The goal was to prevent developmental abnormalities, including problems with behavior and speech, in children whose hearing had been impaired.

But a new long-term study challenges that practice, saying it does nothing to help most youngsters with fluid-filled ears develop normally.

In a study to be published in the New England Journal of Medicine today, researchers from several institutions studied hundreds of otherwise-healthy children up to 11 years old in the Pittsburgh area. They tested the benefits of a procedure that once was the second-most common surgery in the United States and found none.

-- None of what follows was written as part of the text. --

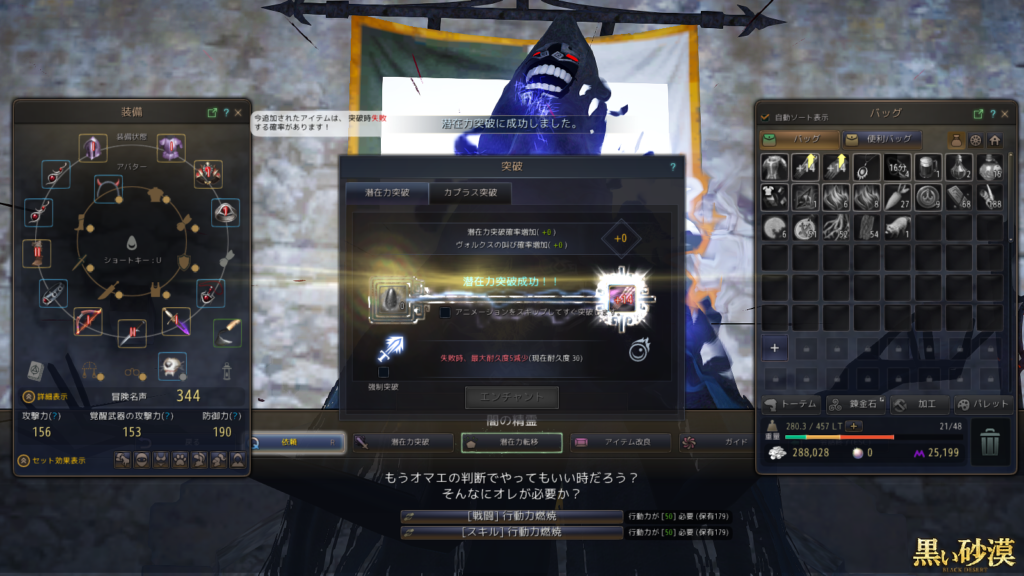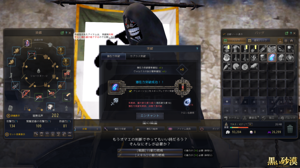 ボス防具の強化が初めてで(しかも0からの強化で)少し緊張しましたが……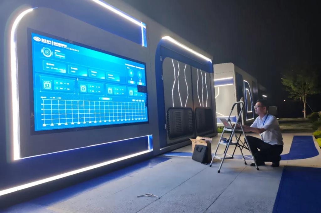 團隊成員調(diào)試集團總部園區(qū)綠色低碳智慧系統(tǒng)

Even when it doesn't cause pain, an ear infection can cause fluid to build in the middle ear, muffling hearing. Because hearing is essential to speech development, doctors and parents worried that persistent middle ear infections could cause developmental problems.

In the treatment, the fluid is drained and ''ventilation'' tubes are surgically inserted to keep more fluid from accumulating.

To be eligible for the study, a child needed to have fluid in one ear for least 135 days, or fluid in both ears for 90 days or more, despite antibiotic treatment.

Half received the tubes immediately. The rest waited -- six months if both ears were blocked and nine months if just one ear remained blocked.

A decade into the study, the 196 toddlers who waited six to nine months scored just as well in literacy, attention, social skills and academic achievement as 195 who had the surgery right away, according to the study Researchers said the decision to wait to implant the tubes had no effect on a child's performance on language tests and speech tests.

SOME EXCEPTIONS But the study's chief author told Reuters that the findings do not mean the tubes are never necessary.

''There's a subgroup of children with frequent ear infections who are not easily handled medically'' with drugs, said Jack Paradise of the University of Pittsburgh. If there's pain, it can create big problems for youngsters and their families ''and those are candidates for tubes.'' Paradise said the tubes might help children with persistent painful infections, extreme hearing loss or those whose ears remain blocked for more than nine months.

''However, such children are seen infrequently in general clinical practice,'' the researchers said.

The study did not look at children whose treatment was delayed more than nine months and thus didn't address what the results would be for longer delays.

The latest findings in combination with earlier studies that produced similar results provide ''convincing evidence that persistent middle-ear effusion in otherwise normal children does not cause developmental impairments,'' said the University of Colorado School of Medicine's Stephen Berman in an editorial that accompanied the study.

Similar findings released in 2001 by the Paradise team led three medical organizations, including the American Academy of Family Physicians, to adopt a wait-and-see recommendation when children's ears become blocked.

A few years ago, about 1 million children in North America were receiving the tubes each year.